In fact, the app was not conceived with a single purpose in mind (such as designing the poster, for instance). In Maximage’s studio, a wall was covered with printouts of both AR outputs and gridded squares to see how the app reacts to them. When I wondered if one of them would be the poster, David explained that “at this stage, we don’t have a poster. We have some ideas, of course, but we are just focusing on developing the tool. We need to discover what is possible. We have been playing with the app and looking at the possibilities to create a corporate identity with it.” And when an application is needed, such as animations for the website or even the poster, “it will happen very quickly, the process will be very intuitive.” Before then, there are still some questions that the designers want to clarify. “AR is not related to print, it belongs to the digital world, to social media. How can we translate it for print? It cannot be a simple printout of the app’s output… We are still defining what it could be.” Ultimately, all the visual material will either be designed with the app or conceived with its use in mind. The identity is thus rooted in the digital tool rather than imagined from its endpoint perspective: the method creates the visual instead of the other way around.

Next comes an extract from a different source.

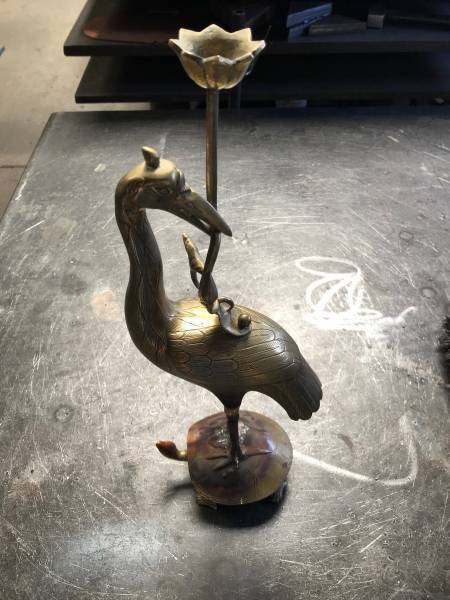 Après l'assemblage, effectué sans encombre, un nettoyage et un polissage minutieux est nécessaire afin d'essayer d’harmoniser la patine existante et la soudure ainsi réalisée le plus possible, le résultat fût conforme à l’attente de notre client.

Focusing on the tool rather than its application is what gave the designers room for experimentation. “When we decided to develop the app, we wondered what could be a new and conceptually interesting way of using AR. Normally, its use is pretty limited: it recognises a set image or symbol and triggers an animation. Here, what was interesting for us is that the machine tries, in its own clumsy way, to translate any input.” Any compositional rules come from the image. While the app attempts to find and highlight existing grids, its limitations mean that the output often does not fit within a recognisable grid. “The identity also talks about the limits of a technology that is not slick, but that tries to interpret the world.”

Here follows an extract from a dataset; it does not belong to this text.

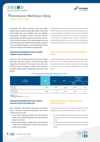 180 PT Pertamina Hulu Energi 2022Laporan TahunanAnnual ReportAnalisis dan Pembahasan ManajemenManagement Discussion and AnalysisAbility to Pay DebtsKemampuan Membayar UtangKemampuan PHE dalam membayar utang baik jangka pendek maupun jangka panjang dapat dilihat melalui nilai rasio likuiditas dan rasio solvabilitas. Nilai rasio likuiditas menunjukkan kemampuan dalam memenuhi liabilitas jangka pendek yang diukur melalui rasio kas dan rasio lancar. Rasio kas dihitung dengan cara membandingkan kas yang dimiliki dengan jumlah liabilitas jangka pendek, sedangkan rasio lancar dihitung dengan cara membandingkan jumlah aset lancar dengan jumlah liabilitas jangka pendek.KEMAMPUAN MEMBAYAR UTANG JANGKA PENDEK (RASIO LIKUIDITAS)Pada tahun 2022, Perusahaan mencatat rasio kas sebesar 0,79% dan rasio lancar sebesar 2%. Rasio tersebut lebih tinggi dari rasio tahun 2021. Dari rasio kas dan rasio lancar, tercermin bahwa Perusahaan mampu untuk memenuhi kewajiban jangka pendek menggunakan aset lancar yang dimiliki.Kemampuan Membayar Utang Jangka Pendek (Rasio Likuiditas)Ability to Pay Current Payables (Liquidity Ratio)UraianDescription 2022 2021* 2020*PertumbuhanGrowth(2022:2021)JumlahTotal %Rasio KasCash Ratio 0,78 0,49 0,46 0,29 59Rasio LancarCurrent Ratio 2,00 1,27 1,66 0,73 57Catatan | Notes:*) Penyajian kembali | RestatementThe liquidity ratio and solvency ratio values indicate PHE's ability to pay short- and long-term debts. The liquidity ratio value demonstrates the ability to meet short-term liabilities as measured by the cash and current ratios. The cash ratio is calculated by comparing total short-term liabilities to total cash held, whereas the current ratio is calculated by comparing total current assets to total short-term liabilities.ABILITY TO PAY CURRENT PAYABLES (LIQUIDITY RATIO)In 2022, the Company's cash ratio was 0.79% and its current ratio was 2%. This ratio exceeded the ratio from 2021. According to the cash ratio and current ratio, the Company was able to meet its short-term liabilities with its current assets.ABILITY TO PAY NON-CURRENT PAYABLES (SOLVENCY RATIO)The solvency ratio shows the Company's ability to pay its obligations and is measured through four ratios, namely:1. The ratio of interest-bearing debt to assets is calculated by comparing the total interest-bearing debt with total assets. 2. The ratio of interest-bearing debt to equity is calculated by comparing the total interest-bearing debt with total equity. KEMAMPUAN MEMBAYAR UTANG JANGKA PANJANG (RASIO SOLVABILITAS)Rasio solvabilitas menunjukkan kemampuan Perusahaan dalam membayar kewajiban-kewajibannya dan diukur melalui empat rasio, yaitu:1. Rasio utang berbunga terhadap aset yang dihitungdengan cara membandingkan jumlah utang berbungadengan jumlah aset.2. Rasio utang berbunga terhadap ekuitas yang dihitungdengan cara membandingkan jumlah utang berbungadengan jumlah ekuitas.

The limits are indeed where the novelty lies. As David pointed out, the generated layouts are not those a designer would normally come up with. In fact, some of the most interesting ones come from the two extremes types of input fed in the app – subjects with highly defined grids or none at all. For instance, aiming the app at the painting of a face sends back a volley of disjointed letters that manically fly around, while testing it on Müller-Brockmann’s three-dimensional grids produces a perfectly formed layout.

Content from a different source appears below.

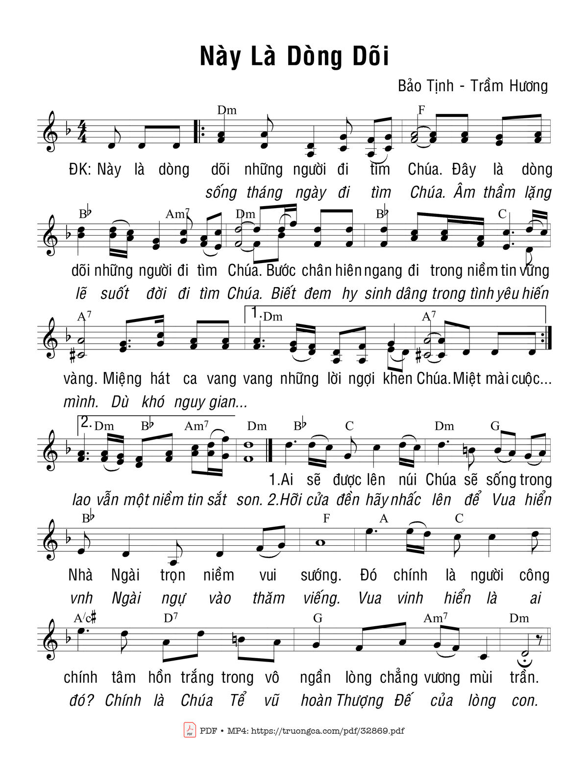 Sheet music Này Là Dòng Dõi by Trầm Hương and PDF file was posted here to support you to practice singing perfectly. Sheets with notes and chords are for reference only, for non-commercial purposes only, not involved with earning money by buying and selling. Copyright is belong to song writer/author and copyright owner. Truongca.com do not own any copyrighted content. You can download the high-quality PDF files which contain staffs by PDF link above.

There is an appeal to generative design and the idea that an unlimited amount of visuals can be deployed from a set of rules. But if a thousand possible solutions can be created, what is the inherent value of each visual? Is it important to stop, pick a possibility and develop it? “Both are interesting. The process of generative design allows getting out of the tools we already have, such as InDesign. Then, within that, we look for what’s interesting in the new shapes. We do not correct them too much: we take into account the mistakes and select results which are promising.” Furthermore, Maximage are not simply providing visuals to the festival. Instead, they are giving access to the AR app to the general public. The designers are tool makers rather than the providers of visual content, and this feels particularly relevant in the age of Tik Tok videos and viral face filters. With this year’s identity, Maximage remain true to their motto, “emotion and technology”: “what we’re providing is the identity of a graphic design festival, which talks about tools and whose main audience is graphic designers. It is fitting to explore processes and present the idea that tools are great gateways to freedom. If the public gets that, we will have achieved what we wanted.”